_What to produce_. Among the lines below, the one containing "The chicken pies" opens the range and the one containing "44 But I say" closes it. Print that range exactly, without the pictures.

_Records for the exercise_.
****************

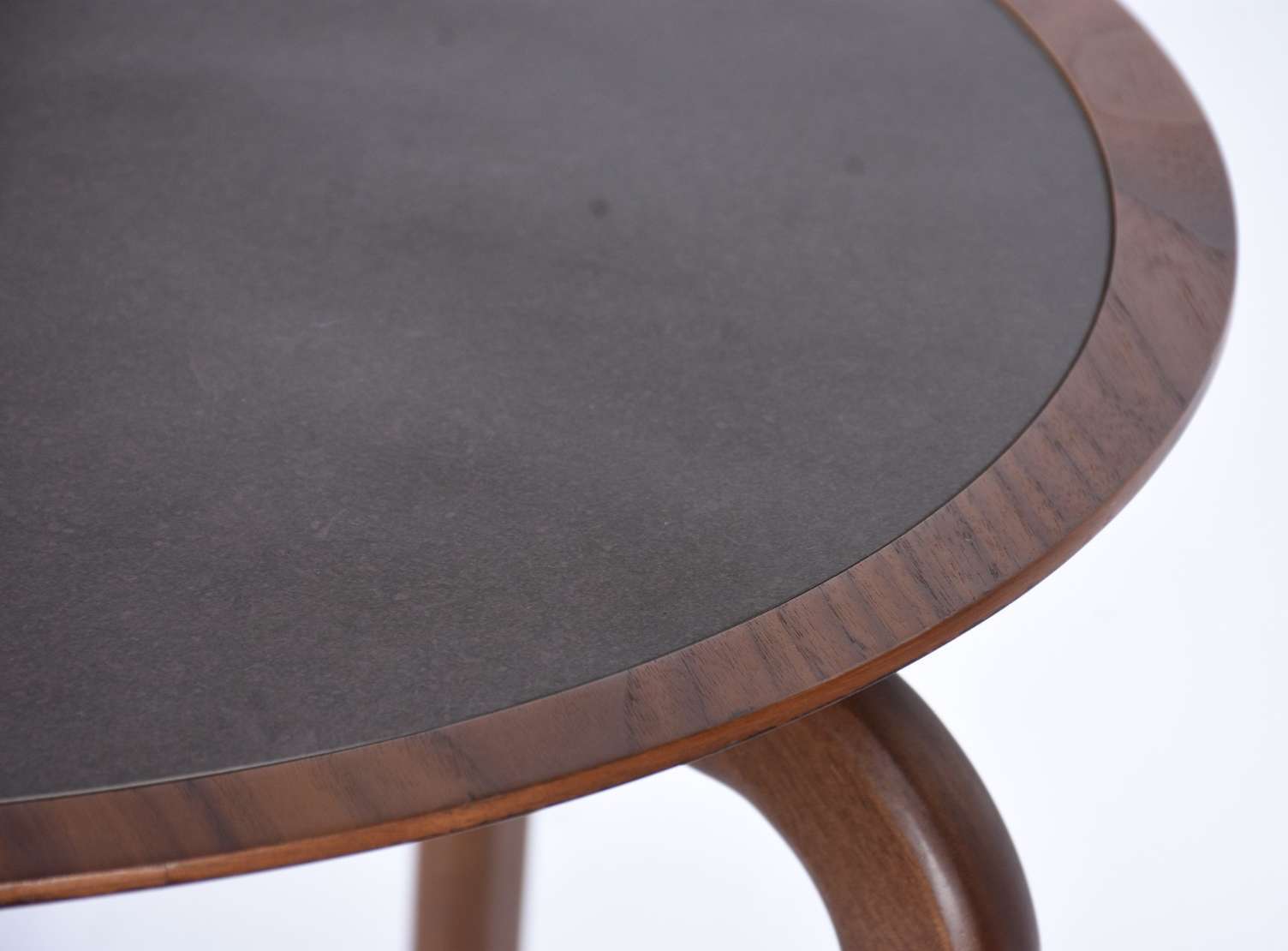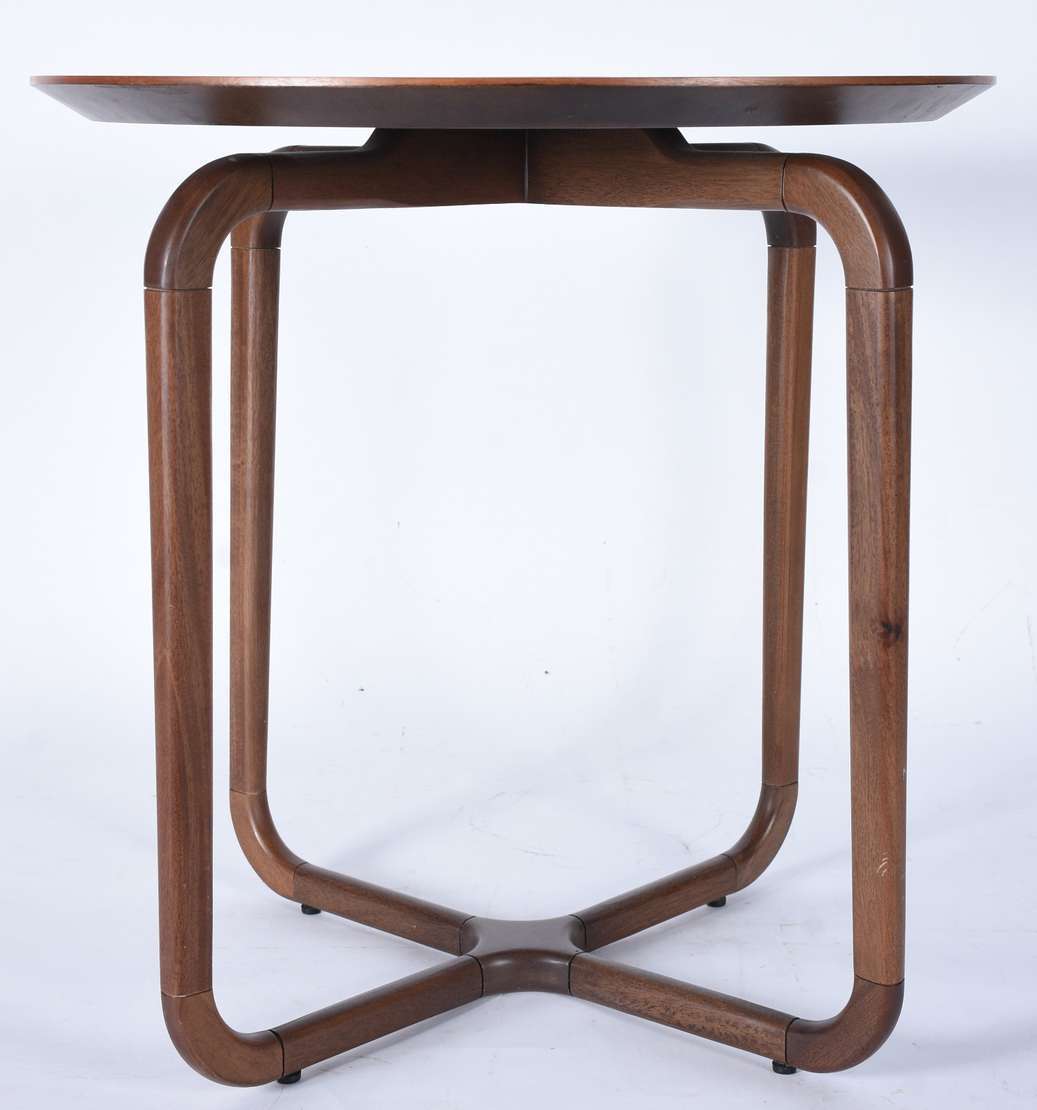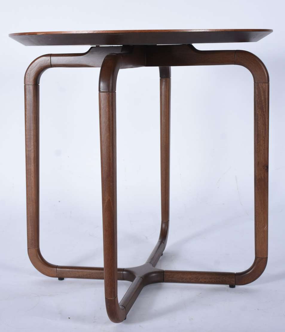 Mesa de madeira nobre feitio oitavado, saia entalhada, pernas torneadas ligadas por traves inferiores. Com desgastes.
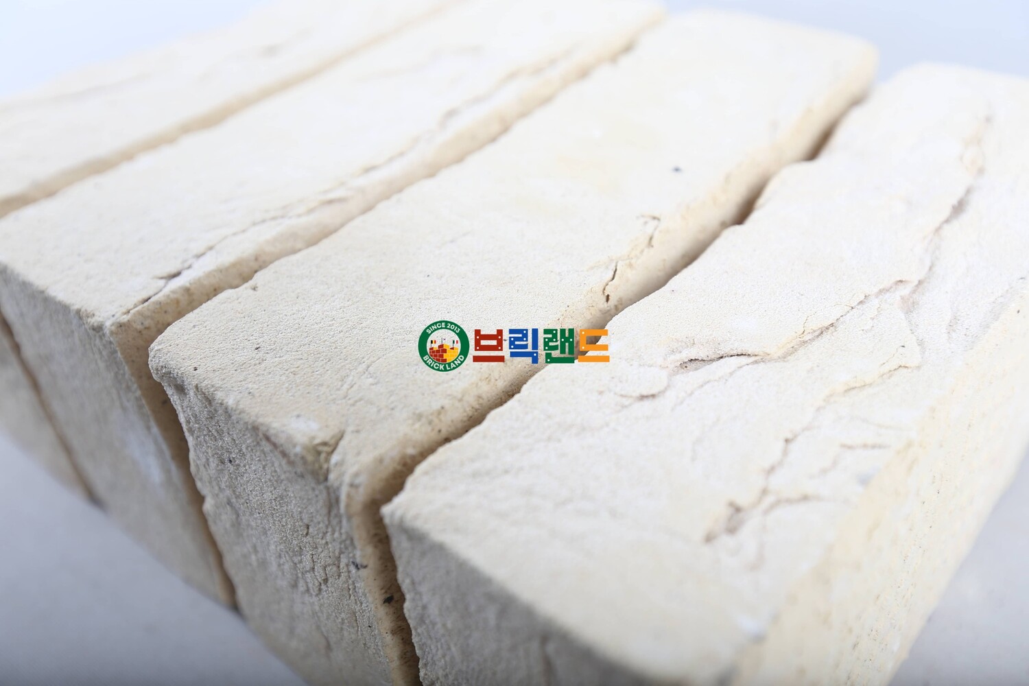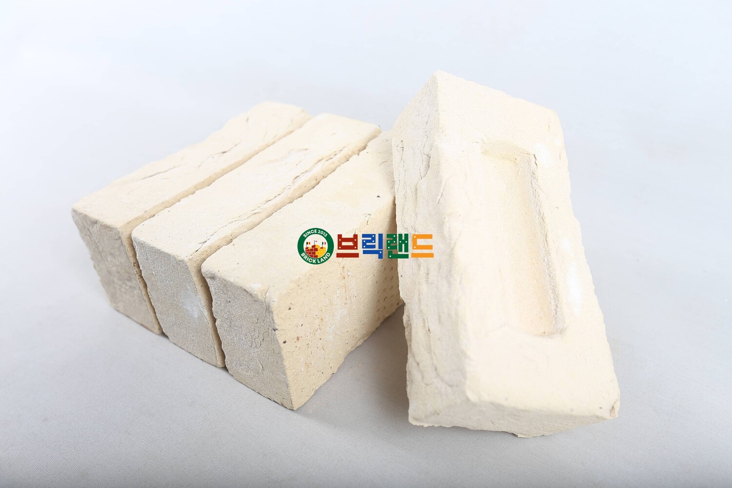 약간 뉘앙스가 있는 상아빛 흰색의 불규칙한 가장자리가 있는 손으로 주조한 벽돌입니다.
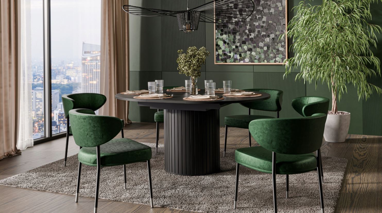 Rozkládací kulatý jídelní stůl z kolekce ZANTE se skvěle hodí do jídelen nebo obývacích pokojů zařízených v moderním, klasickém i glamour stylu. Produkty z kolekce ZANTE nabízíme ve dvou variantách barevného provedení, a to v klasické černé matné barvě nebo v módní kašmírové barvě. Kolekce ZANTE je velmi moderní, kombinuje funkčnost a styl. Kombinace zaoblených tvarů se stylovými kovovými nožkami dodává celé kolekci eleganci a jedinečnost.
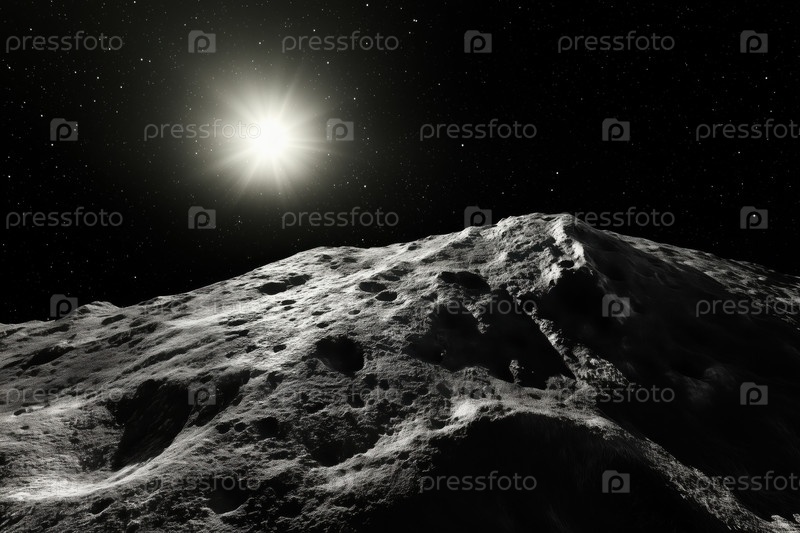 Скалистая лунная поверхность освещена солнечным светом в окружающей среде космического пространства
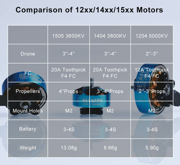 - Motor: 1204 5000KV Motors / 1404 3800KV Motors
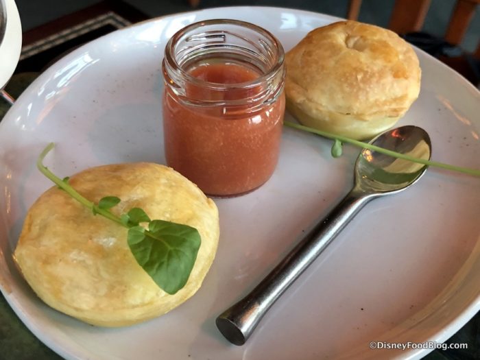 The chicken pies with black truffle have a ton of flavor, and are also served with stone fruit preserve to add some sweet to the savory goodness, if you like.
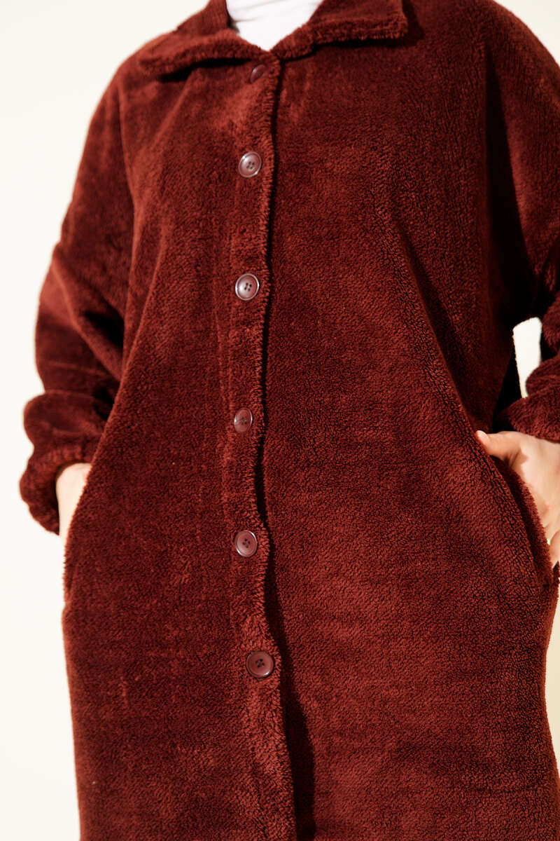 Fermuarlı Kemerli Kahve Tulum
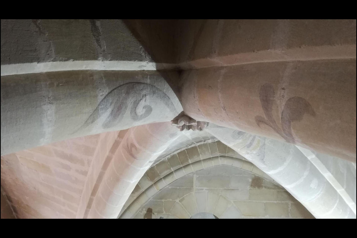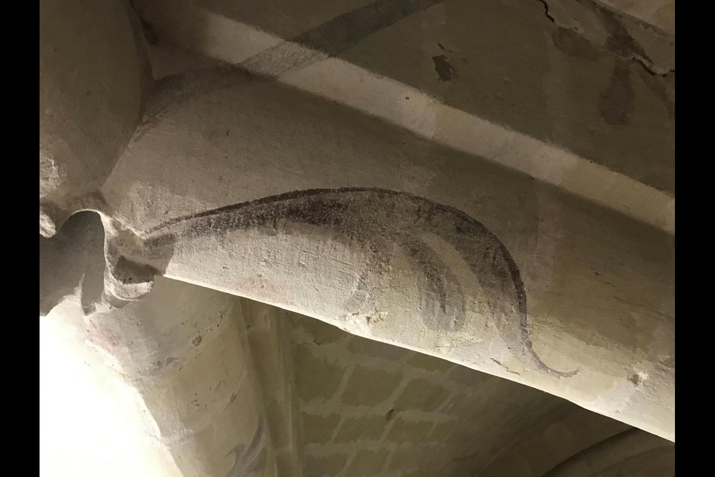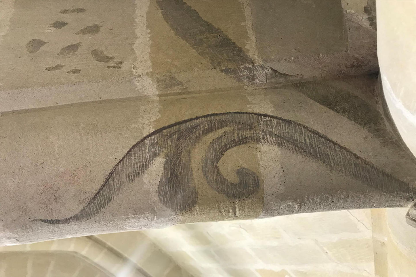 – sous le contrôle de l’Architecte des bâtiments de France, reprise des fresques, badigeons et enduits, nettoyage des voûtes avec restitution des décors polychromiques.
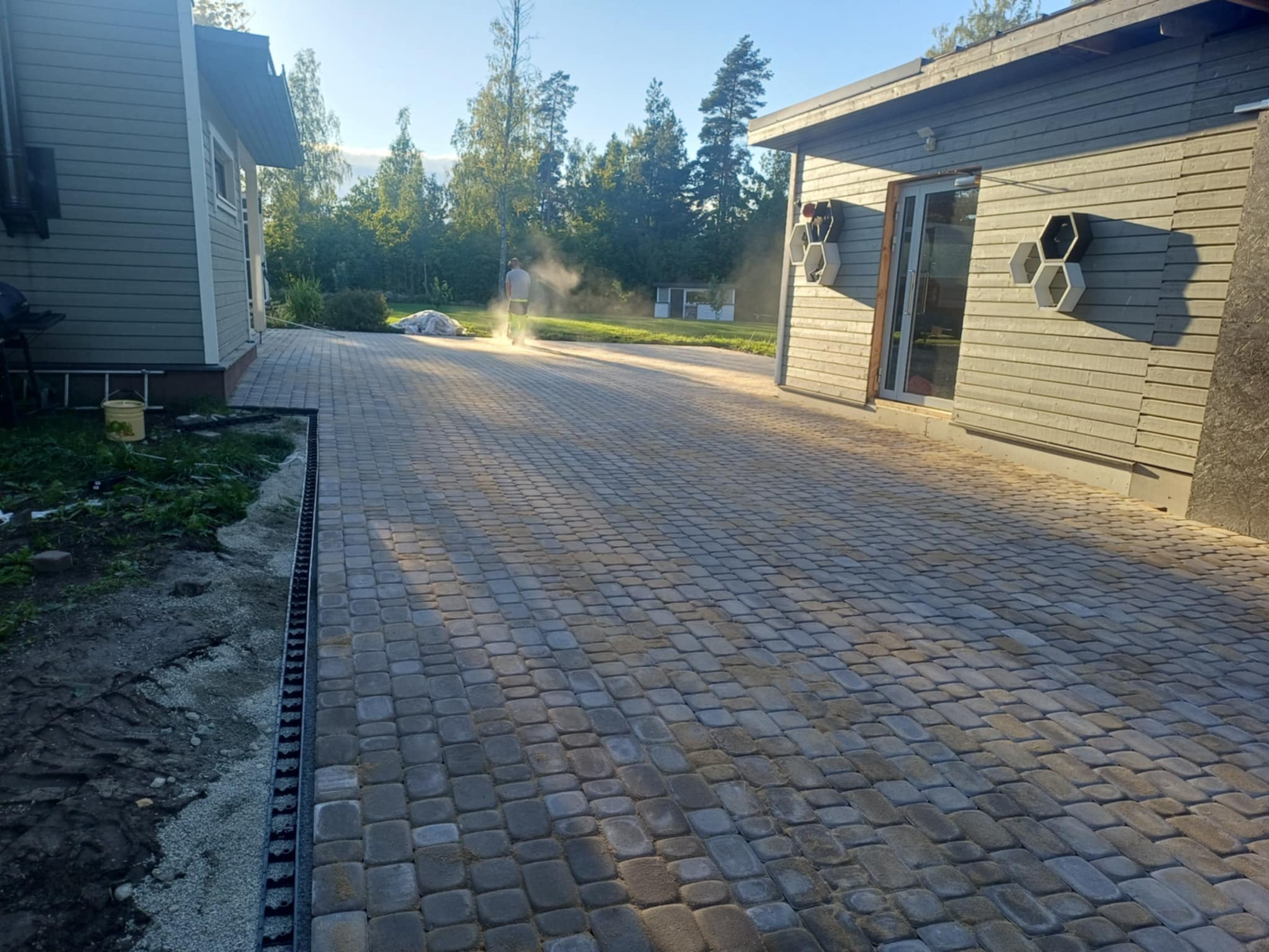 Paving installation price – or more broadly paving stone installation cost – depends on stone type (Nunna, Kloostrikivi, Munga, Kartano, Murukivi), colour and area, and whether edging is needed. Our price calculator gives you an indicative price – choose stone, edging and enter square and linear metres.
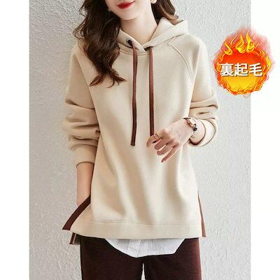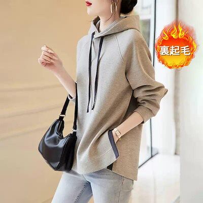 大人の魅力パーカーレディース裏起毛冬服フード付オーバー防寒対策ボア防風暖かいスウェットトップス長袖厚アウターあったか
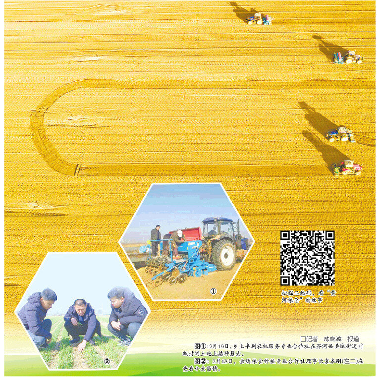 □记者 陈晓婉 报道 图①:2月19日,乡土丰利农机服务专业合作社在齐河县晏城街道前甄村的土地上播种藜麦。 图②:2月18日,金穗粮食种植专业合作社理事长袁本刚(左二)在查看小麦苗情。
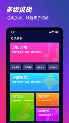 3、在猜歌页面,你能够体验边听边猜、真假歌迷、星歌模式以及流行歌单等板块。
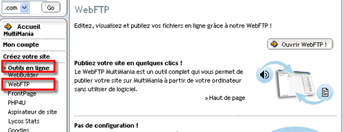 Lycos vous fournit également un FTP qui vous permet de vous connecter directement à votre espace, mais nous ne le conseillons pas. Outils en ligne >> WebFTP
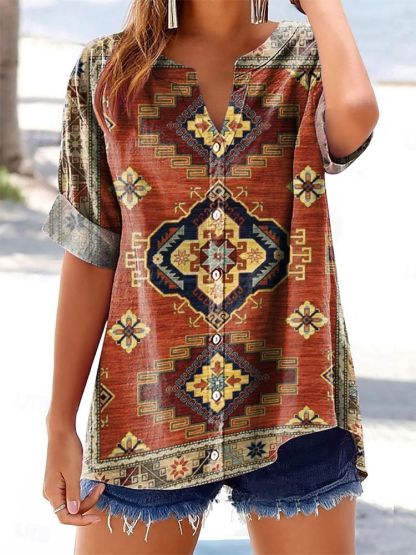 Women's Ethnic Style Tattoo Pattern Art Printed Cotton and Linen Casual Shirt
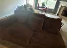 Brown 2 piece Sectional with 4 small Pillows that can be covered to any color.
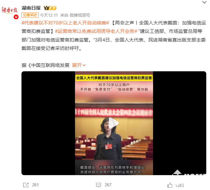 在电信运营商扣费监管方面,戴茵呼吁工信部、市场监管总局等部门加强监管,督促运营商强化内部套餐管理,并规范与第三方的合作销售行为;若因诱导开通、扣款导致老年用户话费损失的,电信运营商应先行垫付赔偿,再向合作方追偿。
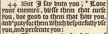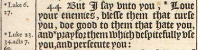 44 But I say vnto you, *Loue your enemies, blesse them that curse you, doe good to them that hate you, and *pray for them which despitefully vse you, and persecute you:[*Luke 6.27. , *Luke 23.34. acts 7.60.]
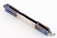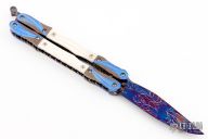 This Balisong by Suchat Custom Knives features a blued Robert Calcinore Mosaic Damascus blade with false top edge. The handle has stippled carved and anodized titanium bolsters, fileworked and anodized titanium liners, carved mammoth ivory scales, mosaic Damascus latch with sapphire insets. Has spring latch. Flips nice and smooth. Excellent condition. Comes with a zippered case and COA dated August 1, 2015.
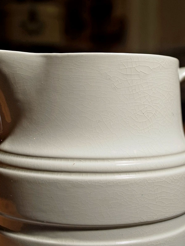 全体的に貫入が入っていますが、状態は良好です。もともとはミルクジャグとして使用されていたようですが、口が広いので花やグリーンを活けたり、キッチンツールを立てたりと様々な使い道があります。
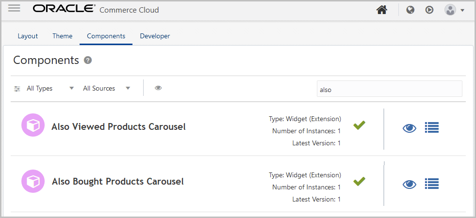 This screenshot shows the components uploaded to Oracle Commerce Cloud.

****************

_Reply to the exercise_.
 The chicken pies with black truffle have a ton of flavor, and are also served with stone fruit preserve to add some sweet to the savory goodness, if you like.
 Fermuarlı Kemerli Kahve Tulum
 – sous le contrôle de l’Architecte des bâtiments de France, reprise des fresques, badigeons et enduits, nettoyage des voûtes avec restitution des décors polychromiques.
 Paving installation price – or more broadly paving stone installation cost – depends on stone type (Nunna, Kloostrikivi, Munga, Kartano, Murukivi), colour and area, and whether edging is needed. Our price calculator gives you an indicative price – choose stone, edging and enter square and linear metres.
 大人の魅力パーカーレディース裏起毛冬服フード付オーバー防寒対策ボア防風暖かいスウェットトップス長袖厚アウターあったか
 □记者 陈晓婉 报道 图①:2月19日,乡土丰利农机服务专业合作社在齐河县晏城街道前甄村的土地上播种藜麦。 图②:2月18日,金穗粮食种植专业合作社理事长袁本刚(左二)在查看小麦苗情。
 3、在猜歌页面,你能够体验边听边猜、真假歌迷、星歌模式以及流行歌单等板块。
 Lycos vous fournit également un FTP qui vous permet de vous connecter directement à votre espace, mais nous ne le conseillons pas. Outils en ligne >> WebFTP
 Women's Ethnic Style Tattoo Pattern Art Printed Cotton and Linen Casual Shirt
 Brown 2 piece Sectional with 4 small Pillows that can be covered to any color.
 在电信运营商扣费监管方面,戴茵呼吁工信部、市场监管总局等部门加强监管,督促运营商强化内部套餐管理,并规范与第三方的合作销售行为;若因诱导开通、扣款导致老年用户话费损失的,电信运营商应先行垫付赔偿,再向合作方追偿。
 44 But I say vnto you, *Loue your enemies, blesse them that curse you, doe good to them that hate you, and *pray for them which despitefully vse you, and persecute you:[*Luke 6.27. , *Luke 23.34. acts 7.60.]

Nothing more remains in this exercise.